When you're in active mode, D5 will ground the bottom of the pullup resistor, and current will flow through it. A 3.3V drop across a 100K resistor will sink 33uA of current. A 10K resistor will sink 10 times as much - 330uA. In sleep mode, D5 will be floating, so that current will flow through the transistor when you push the button. The upper limit for the resistor is determined by the amount of current the transistor needs to sink to reset the device, which will depend on the base current provided by the pullup resistor, the transistor's gain, and the value of whatever pullup resistor is on the Reset line. Basically, you want the largest resistor that still works reliably.

Thanks. I will go with a 100k resistor. I researched the software register and though the manual mentions it - in practice It does not seem to actually work. So going with the external pullup. Thanks so much for all your help everyone.

So I created the circuit and I am using a lot more power in deep sleep then I expected.

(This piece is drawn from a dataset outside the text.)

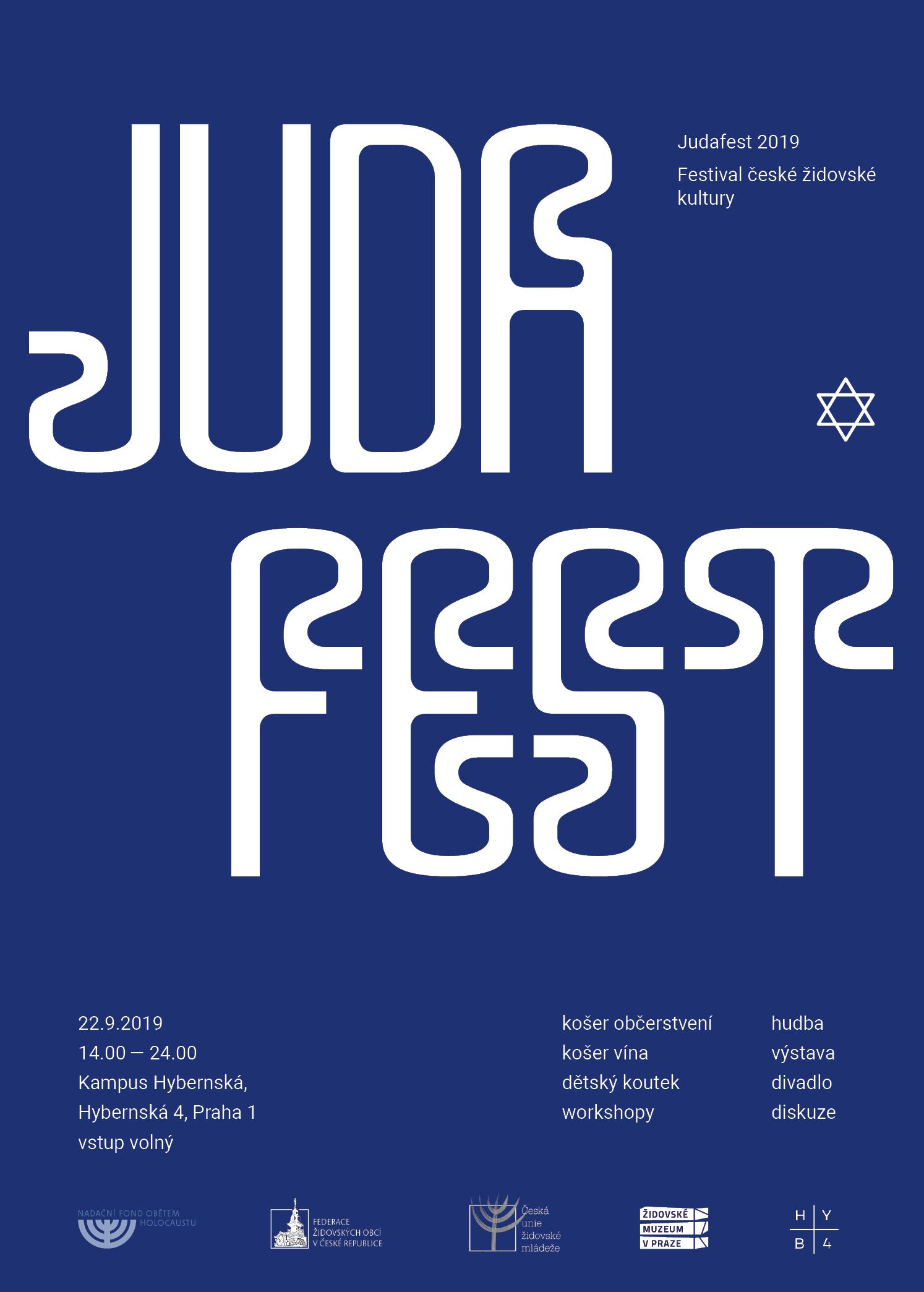Česká unie židovské mládeže Vás zve 22. září 2019 na tradiční Judafest - festival české židovské kultury. Osmý ročník festivalu představí židovské organizace, jídlo, hudbu i divadlo nebo filmy. Letos nově v Kampusu Hybernská v Praze.

Part of the problem is that I have a 64 pixel NeoPixel array attached that even when not showing anything draws 20mA but the rest of my circuits is still drawing 13mA for the esp8266, a voltage divider battery measurement connected to A0, the transistor and a low quiescent LDO(MCP1700-330E). I was hoping to be in the uA area when in sleep so it looks like I probably need to disconnect all the power completely and then have the button turn it back on. So I was wondering if there was a circuit that could completely cut the power until the button is pressed. Once the button is pressed the controller would activate something on a pin like D5 to have the button go back to its normal usage on D2 until it came time to go to sleep. Maybe there is a way to still do it with the transistor but it seems like I might need something else.
Thanks for any input.